Wed Mar 29 08:39:29 EDT 2017

On 3/28/17 8:49 AM, Jun Wu wrote:
> # HG changeset patch
> # User Jun Wu <quark at fb.com>
> # Date 1490685282 25200
> #      Tue Mar 28 00:14:42 2017 -0700
> # Node ID 99cfe31d37df62b50e53a126f0eb31a1e352ac67
> # Parent  1e84f9bd4385a8f95ac1ec15dee14c723071ab34
> revlog: make sure _cache only contain raw content
>
> Previously, revlog._cache could cache both raw and non-raw content. That is
> wrong, because _cache will be used directly for delta application. If the
> non-raw content in _cache is used, it may corrupt delta application, or
> return wrong content when deltas applied successfully but incorrectly, and a
> flagprocessor says skip the hash check.
>
> This patch changes _cache assignments to make sure only only raw contents
> are assigned to it.

This patch overall makes sense to me. We definitely want to only be 
caching the same type of thing in a particular cache. I've reviewed 
revlog.py to find places were self._cache is assigned and it looks like 
you got both places where it's assigned to something other than null.

>
> diff --git a/mercurial/revlog.py b/mercurial/revlog.py
> --- a/mercurial/revlog.py
> +++ b/mercurial/revlog.py
> @@ -1284,11 +1284,11 @@ class revlog(object):
>           text = mdiff.patches(text, bins)
>   
> -        text, validatehash = self._processflags(text, self.flags(rev), 'read',
> -                                                raw=raw)
> +        newtext, validatehash = self._processflags(text, self.flags(rev),
> +                                                   'read', raw=raw)
>           if validatehash:
> -            self.checkhash(text, node, rev=rev)
> +            self.checkhash(newtext, node, rev=rev)
>   
>           self._cache = (node, rev, text)
> -        return text
> +        return newtext

Rather than introducing newtext, wouldn't it be sufficient to move the 
self._cache assignment line up to above the processflags call? Or do you 
want to only cache if the checkhash call succeeds?

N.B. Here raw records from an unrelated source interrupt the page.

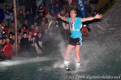 Die Teilnehmer versuchen mit Ski& Snowboard über das etwa 25 Meter lange Becken zu fahren. Dabei wird von Durchgang zu Durchgang der Anlauf verkürzt, solange, bis nur mehr ein Läufer im Trockenen bleibt- das ist somit der Sieger. In der Sonderklasse versuchen selbstgebastelte Gefährte das Wasserbecken zu überqueren. Anschließend folgt die spektakuläre Motorschlittenshow. Diesmal werden auch Snowboarder an der Leine von den Motorschlitten über den reißenden Wasserkanal gezogen, eine attraktive aber gefährliche Einlage.
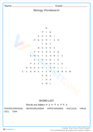 Learn Biology with our word search! Find terms related to life science and organisms. Start your Biology science challenge now!
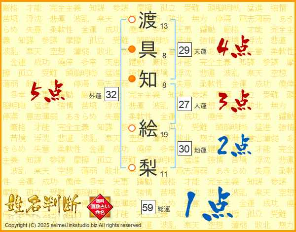 渡(13画)具(8画)知(8画) 絵(19画)梨(11画)
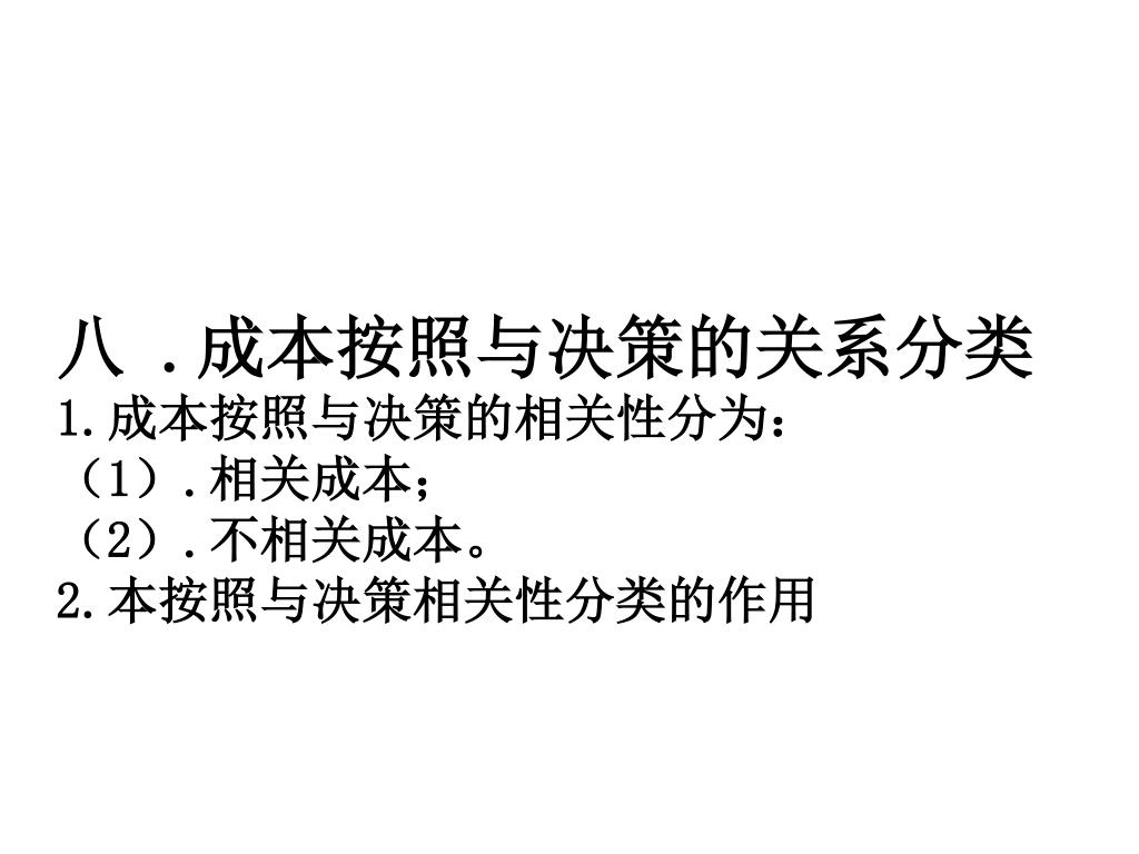 八 .成本按照与决策的关系分类 1.成本按照与决策的相关性分为: (1).相关成本; (2).不相关成本。 2.本按照与决策相关性分类的作用
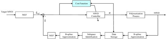 The dynamic MWD of the polymerization process can be obtained by the MWD model described in [33] or measured directly through online techniques, and it cannot be easily used in MWD shape control directly. Therefore, a B-spline approximation model is established through the obtained MWD data. Through the weight data of the B-spline model and the control input, the output MWD model can be identified by the N4SID method, which is used in MWD control described later. The schematic diagram of the proposed control algorithm is shown in Figure 2. By using the moment-generating function (MGF), the pseudo-state vector of the target MWD and approximated MWD can be obtained as and , respectively. The control input, , is regulated by the MWD controller for the shaping of output MWD.
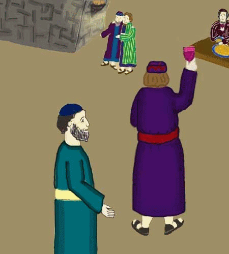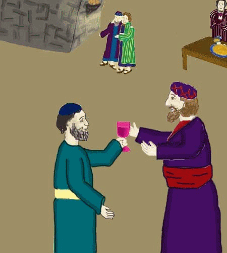فقالت أمه للخدم: « مهما قال لكم فافعلوه ». وكان هناك ستة أجران من حجر لما تقتضيه الطهارة عند اليهود، يسع كل واحد منها مقدار مكيالين أو ثلاثة
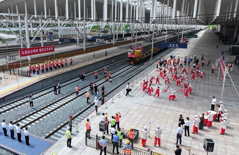 7月1日在延安站拍攝的西延高鐵軌道貫通儀式(無人機照片)。
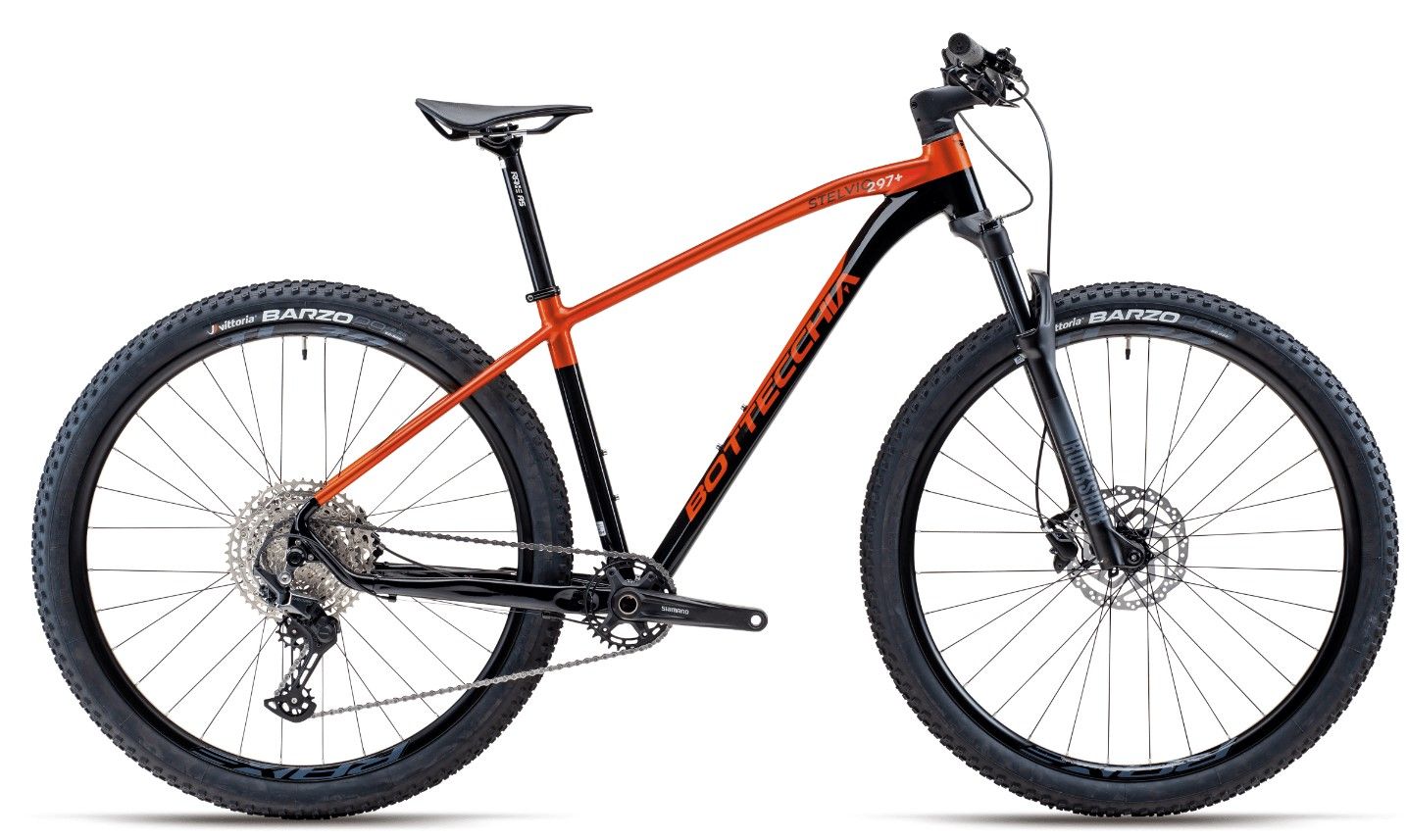 Stelvio 297+, la front in alluminio dedicata agli amanti della mountain bike. Adatta anche ai percorsi più impegnativi, questa MTB front suspended permette di affrontare agilmente track diversi, anche dai biker meno esperti.Telaio in alluminio 6061 double butted, forcellino 3D con post mount integrato e forcella RS Silver tk air con escursione da 100 mm.

If the later, I'd suggest renaming "text" to "rawtext" and reducing 
churn here. "newtext" doesn't really tell me about what is stored in it 
("processedtext" would but it much longer). "rawtext" is pretty short 
and descriptive though.

>   
>       def hash(self, text, p1, p2):
> @@ -1715,5 +1715,6 @@ class revlog(object):
>   
>           if type(text) == str: # only accept immutable objects
> -            self._cache = (node, curr, text)
> +            if raw or not flags:
> +                self._cache = (node, curr, text)
>           self._chainbasecache[curr] = chainbase
>           return node
>

Ugh, this _addrevision code is incredibly dense. A 151-line "helper" 
function with two sub-functions defined inside of it. What a joy!

However, I think this change should also update the comment about "only 
accept...". I'd structure it something like this:

# Only cache immutable objects objects that are raw or have no flags.
# Mutable values are dangerous to cache because they can be changed
# after they are passed to usor after they are returned from cache,
# so we would need to deep copy them on both input and output which
# could be expensive.
# Strings are the only immutable objects we expect to see, to check for them
# If raw is true, it means we are bypassing any flag processors, so we 
have cacheable data.
# If there are no flags set, that means no flag processors will be run, 
so we also have cacheable data
if type(text) == str and (raw or not flags):
     self._cache = (node, curr, text)

For my own edification, what are the types that can show up here? Do we 
accept arbitrary things that have string representations? When would we 
get something that isn't a string here? I hate the lack of types here, 
it leads to so much ambiguity about what is going on.

Any comments you can add to the code from what you have learned mucking 
around here would be appreciated.